:: Stored entries ::
━━━━━━━━━━━━━━━━

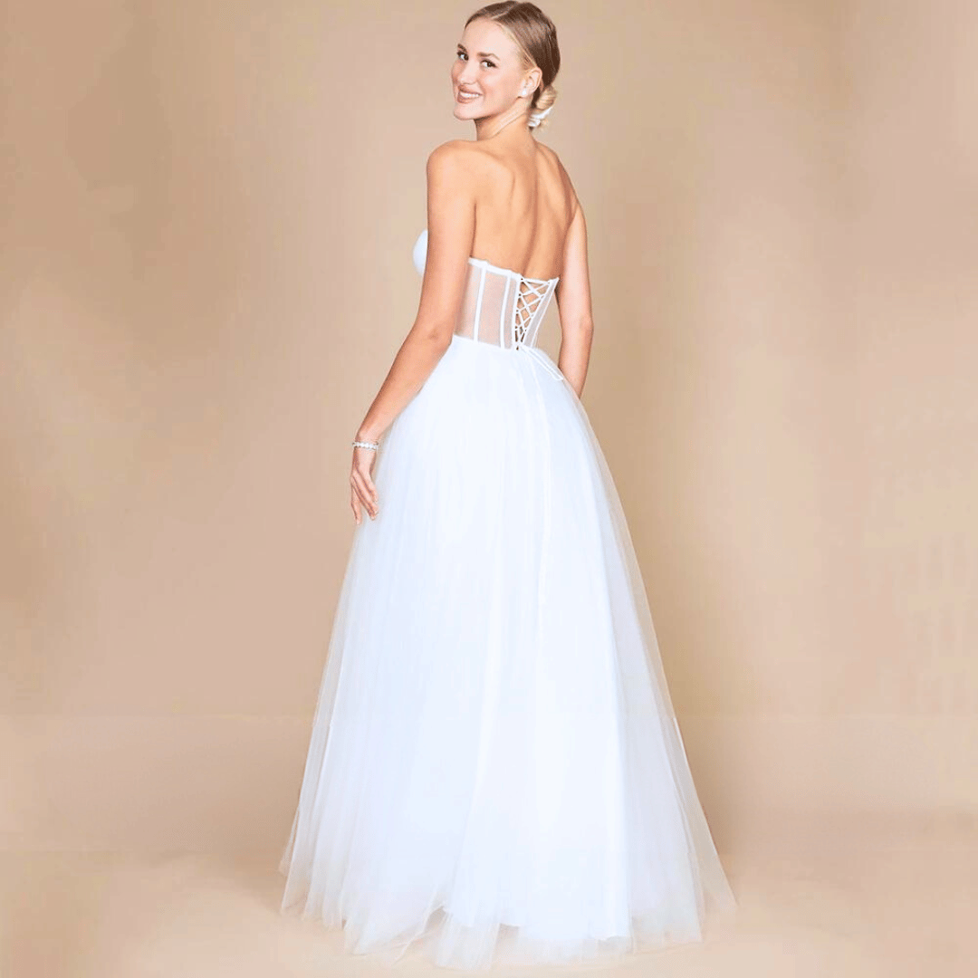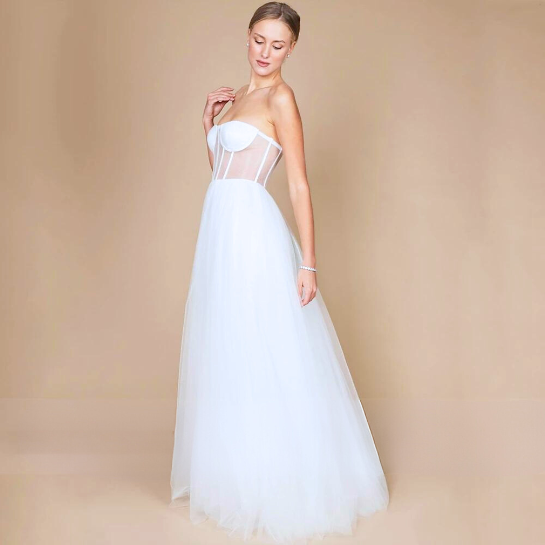 Step into a world of timeless elegance and grace with our Simple Strapless Sleeveless A Line Tulle Beach Wedding Dress.
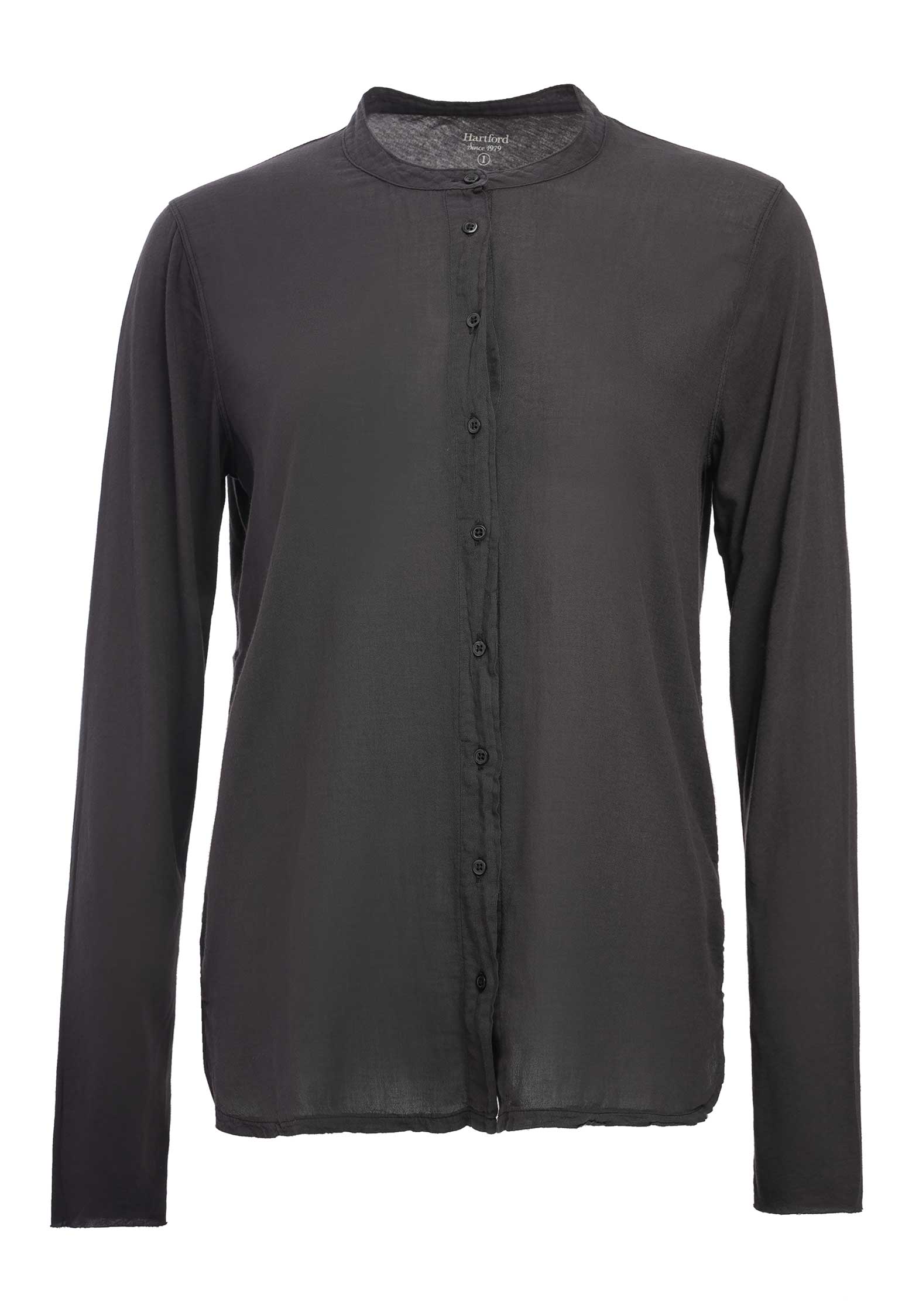 Women's long-sleeved and collarless shirt in double fabric cotton. Visible button placket with mother-of-pearl buttons. Liquette bottom.
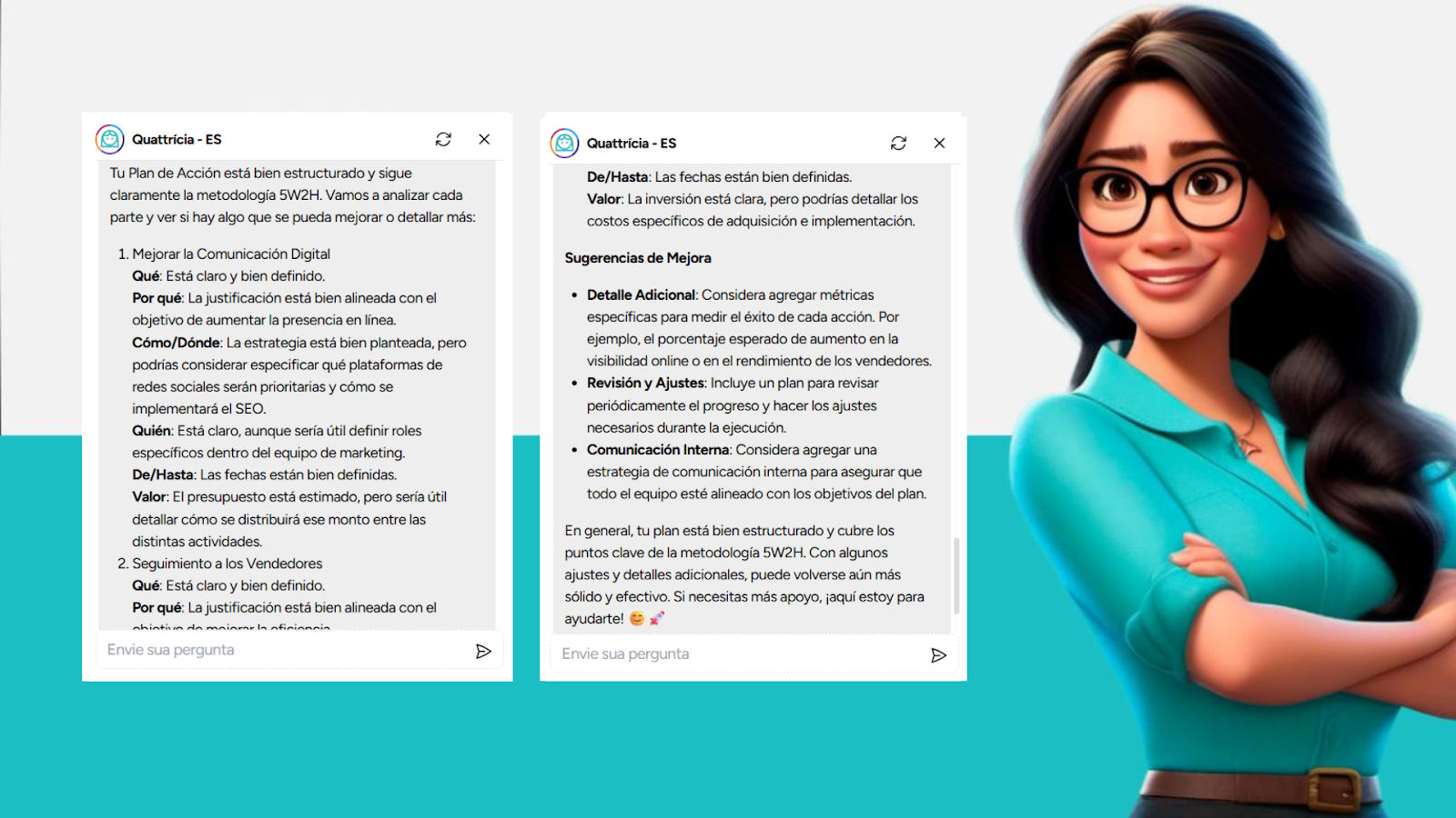 Con el apoyo de Quattrícia, nuestra asistente inteligente integrada al sistema, ahora es más fácil evaluar la solidez de cada plan antes de ejecutarlo. Ella analiza las acciones propuestas, identifica puntos débiles, detecta inconsistencias y te alerta si algo está vago, mal alineado o mal estructurado.
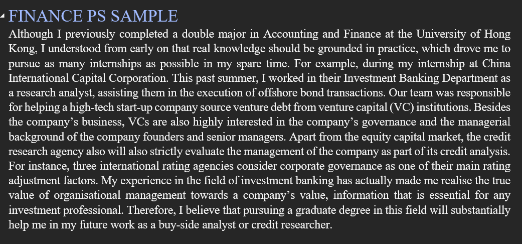 研究生及以上階段的PS注重反映申請者在自身領域的學術成就,專業(yè)技能和未來規(guī)劃;
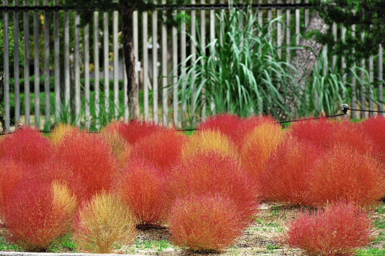 コキアは、アカザ科の一年草で、春に種をまき、晩秋に寒さで枯れるまで鮮やかな緑と紅葉を楽しむことができます
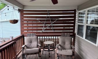 Thoroughly enjoyed our stay at The Caldwell. House had everything we needed and then some!!! Back porch was very relaxing and enjoyed watching the birds and squirrels. Neighborhood was cute and felt safe. We were able to walk to a restaurant at the end of the block and also close to many other things. Definitely recommend this place!!!
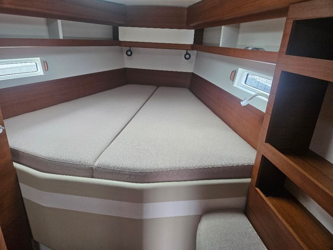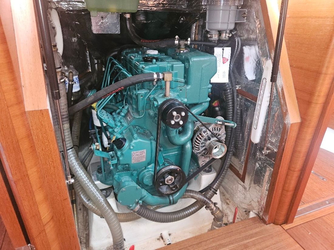 Main engine Type inboard Brand Volvo Penta D2-50F Year 2022 Number of cylinders 4 Power 50 hp Hours counter Engine hours 413 Fuel diesel Drive Transmission saildrive Propulsion screw Cooling system indirect Tank Fuel tanks Total fuel tank(s) capacity 200 litre Fuel tank material stainless steel Performance Max speed 10 knots Cruising speed 8 knots Measuring instruments Fuel tank gauge Tachometer Oil pressure gauge Temperature gauge Bow and stern thruster Bow thruster electric Mobile remote control Electricity Battery Number 9 Battery charger Alternator Battery monitor Inverter Voltmeter Shore power Shore power cable Consumption monitor 12V -
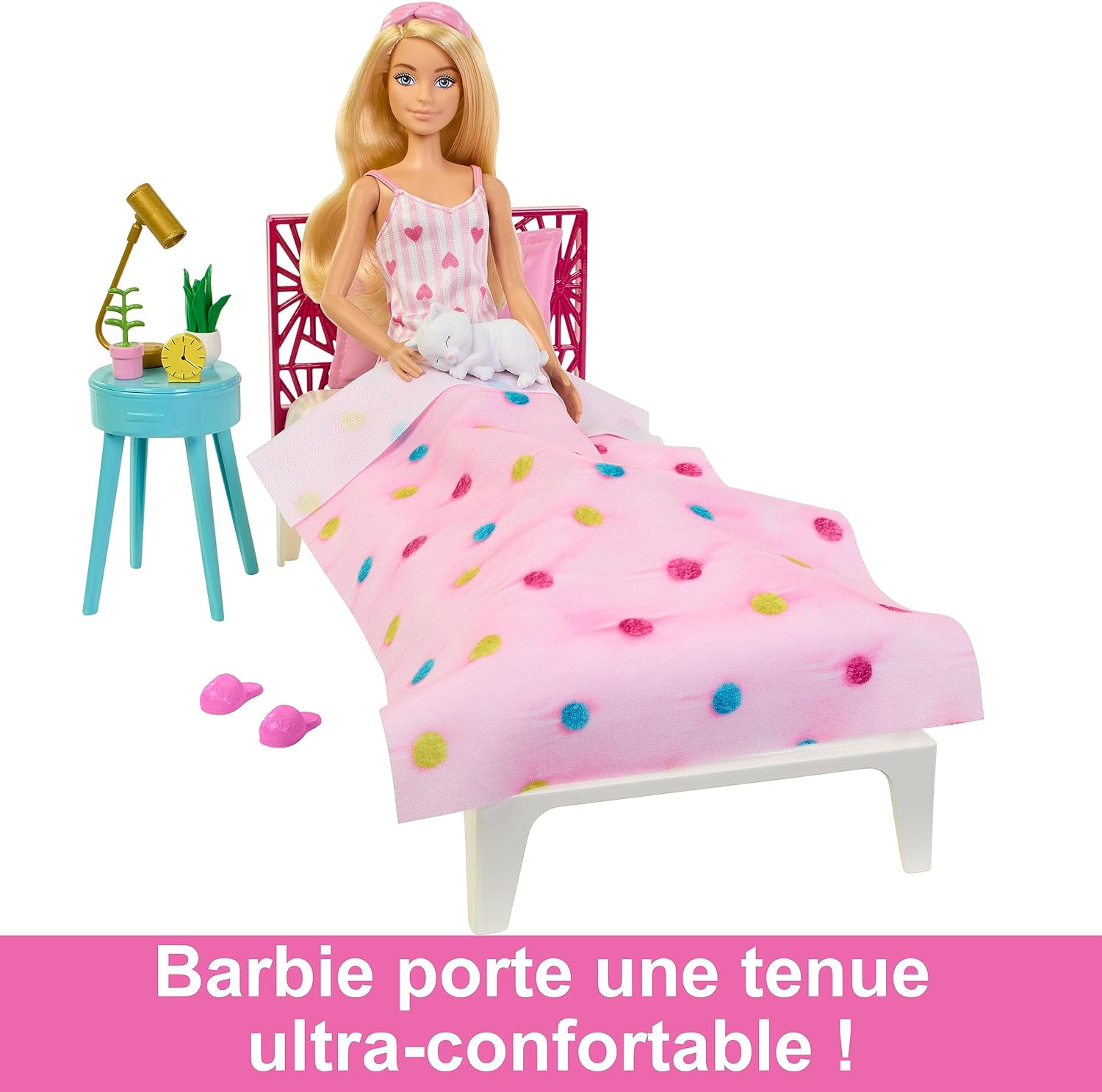 • Poupée Barbie : Prête pour une bonne nuit de sommeil ou pour commencer une journée en beauté, Barbie porte un adorable pyjama à motif et des chaussons duveteux. Sa robe de chambre rose en peluche ajoute une touche supplémentaire de confort.

━━━━━━━━━━━━━━━━

:: Work request ::
Your task is to copy only the lines above starting at the one containing "研究生及以上階段的PS注重反" and ending at the one containing "Thoroughly enjoyed our". Copy them exactly, both ends included, and omit the pictures.

:: Worked solution ::
 研究生及以上階段的PS注重反映申請者在自身領域的學術成就,專業(yè)技能和未來規(guī)劃;
 コキアは、アカザ科の一年草で、春に種をまき、晩秋に寒さで枯れるまで鮮やかな緑と紅葉を楽しむことができます
 Thoroughly enjoyed our stay at The Caldwell. House had everything we needed and then some!!! Back porch was very relaxing and enjoyed watching the birds and squirrels. Neighborhood was cute and felt safe. We were able to walk to a restaurant at the end of the block and also close to many other things. Definitely recommend this place!!!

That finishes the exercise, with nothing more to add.